The main difference between foreclosure and short selling is that the two are used at different times, just as they are initiated by different people.

These are the two alternatives available in the hands of the homeowner, who constantly fails to make the loan payments. So, it's essential for everyone to know the difference between foreclosure and short selling, which can help you choose the best alternative.

Comparative chart

Basis for comparison foreclosure Short sale
SenseA process in which the lender takes possession of the property, after the borrower's default in payment, known as foreclosure.When the property is sold, at a price lower than the remaining amount as a mortgage balance, known as a short sale.
New mortgageAfter 5 or 7 yearsIn 2 years
UsedWhen the borrower fails to make the payment.When the borrower fails to make the payment, the value of the property under a mortgage less than he owes and the lender allows for it.
Credit scoreSeverely affectedComparatively less affected
Started and sold byLenderborrower
Property controlMortgage lendermortgage

Definition of foreclosure

The foreclosure is a legal process, which involves the seizure of property by the creditor, kept as collateral under the mortgage, in which the property right of the house canceled, due to default in the payment of the outstanding debt.

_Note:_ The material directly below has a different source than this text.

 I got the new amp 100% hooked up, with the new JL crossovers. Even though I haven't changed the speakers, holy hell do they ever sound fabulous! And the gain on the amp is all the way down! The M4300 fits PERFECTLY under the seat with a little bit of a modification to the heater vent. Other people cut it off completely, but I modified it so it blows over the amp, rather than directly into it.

In this process, the property is put up for auction by the lender to recover the remaining loan amount.

Foreclosure is a civil lawsuit, generally used by the mortgage to resolve the borrower's interest in the property, through the court order. In this process, the court sets the date until which the borrower is authorized to pay the debt along with the foreclosure fees and redeem the property.

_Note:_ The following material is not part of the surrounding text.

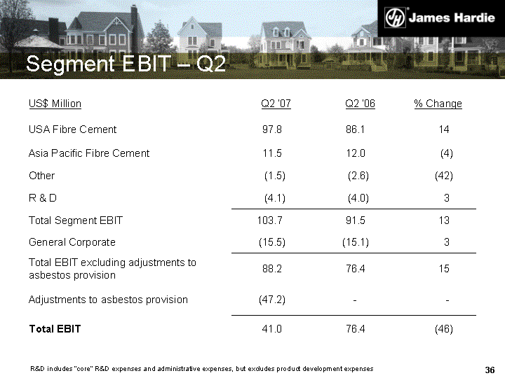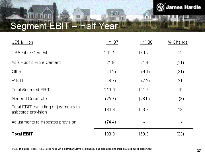 asbestos provision. EBIT excluding adjustments to asbestos provision increased by 15% to US$88.2

If the borrower is unable to repay the loan amount, then the lender can freely sell the foreclosed property. The proceeds received from the sale of the property are used for the first time in repaying the loan and the residual amount (if any) is delivered to the home owner (borrower). The borrower remains liable if the foreclosed property is not sold and also for the balance amount if the property is sold, but the proceeds from the sale are not sufficient to cover the full amount of the debt.

Definition of short selling

A short sale is an option, usually exercised when the homeowner owes more debt than the mortgaged business can generate income and the borrower is unable to pay the outstanding debt, so the lender opts for the sale. in the open or expresses his consent for a short reward. In this way, the property is not foreclosed, and the owner of the house is authorized to put his property up for sale on his own.

The remaining balance due to the creditor known as a shortage. a complicated and time-consuming process as it requires a lot of paperwork and multiple approvals.

Key differences between foreclosure and short selling

The significant differences between foreclosure and short selling are shown below:

  1. Foreclosure is a process in which the lender seizes the property after the borrower's default in payment. The short sale when the property is sold, at a price lower than the amount that remains as the mortgage balance.
  2. The borrower can take advantage of the new mortgage after 5 to 7 years of foreclosure and after two years in the case, the property offered for short sale.
  3. Foreclosure is used when a borrower is unable to make the payment. Unlike short selling, when the defaulting mortgage, the value of the property in a mortgage lower than it should, and the lender allows it.
  4. In foreclosure, the borrower's credit score and history are severely affected, while in a short sale the borrower is relatively less severely affected.
  5. The lender starts the foreclosure procedure and the sale of the property. On the other hand, the short selling procedure is started and the property is sold by the borrower.
  6. The mortgage exercises control over the property being foreclosed. Unlike the short term sale, where the borrower has control over it.

Conclusion

The biggest point of difference between these two terms is that foreclosure is a forced sale, that is, something that happens to you forcedly, but short selling is a voluntary sale, that is something you do. Both have their pros and cons. However, a short sale is a better option but requires more paperwork than in foreclosure.